- **Data segment**
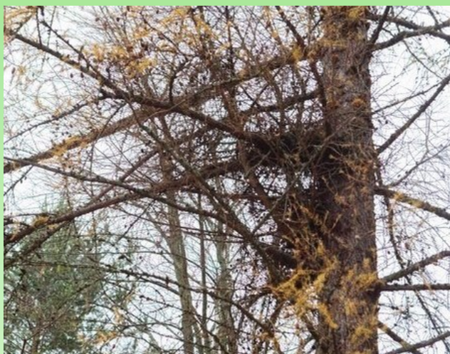
Рис. 12. Вихоревое гнездо на лиственнице.
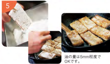
油の量は5mm程度でOKです。
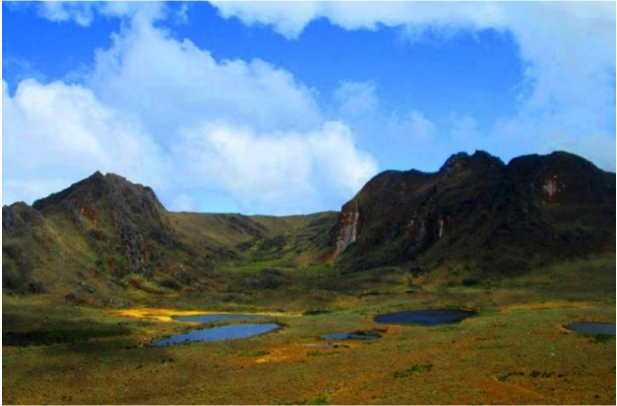
Figura 17: Santuario de Bocagrande
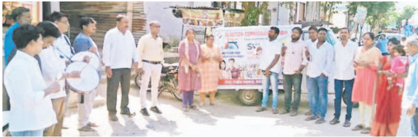
కళాజాత ప్రదర్శనల ద్వారా ఓటర్లకు అవగాహన కల్పిస్తున్న కళాకారులు (ఫైల్)

- **Aim of the exercise**
Give back all the data exactly, minus pictures.

- **The completed task**
Рис. 12. Вихоревое гнездо на лиственнице.
油の量は5mm程度でOKです。
Figura 17: Santuario de Bocagrande
కళాజాత ప్రదర్శనల ద్వారా ఓటర్లకు అవగాహన కల్పిస్తున్న కళాకారులు (ఫైల్)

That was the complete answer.